### WORK ITEM
Report the lines of the material that carry the string "from".

### RECORDS SUPPLIED
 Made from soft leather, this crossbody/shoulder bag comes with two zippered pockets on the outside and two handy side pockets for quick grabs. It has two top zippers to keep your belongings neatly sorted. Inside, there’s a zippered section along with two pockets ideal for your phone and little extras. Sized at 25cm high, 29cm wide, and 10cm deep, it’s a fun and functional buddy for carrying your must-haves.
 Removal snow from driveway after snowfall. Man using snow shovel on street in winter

==

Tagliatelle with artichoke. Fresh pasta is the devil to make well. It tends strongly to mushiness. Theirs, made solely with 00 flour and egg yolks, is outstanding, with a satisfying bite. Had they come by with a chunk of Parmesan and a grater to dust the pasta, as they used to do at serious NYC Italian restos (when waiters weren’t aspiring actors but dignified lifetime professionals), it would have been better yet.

### YOUR SOLUTION
 Made from soft leather, this crossbody/shoulder bag comes with two zippered pockets on the outside and two handy side pockets for quick grabs. It has two top zippers to keep your belongings neatly sorted. Inside, there’s a zippered section along with two pockets ideal for your phone and little extras. Sized at 25cm high, 29cm wide, and 10cm deep, it’s a fun and functional buddy for carrying your must-haves.
 Removal snow from driveway after snowfall. Man using snow shovel on street in winter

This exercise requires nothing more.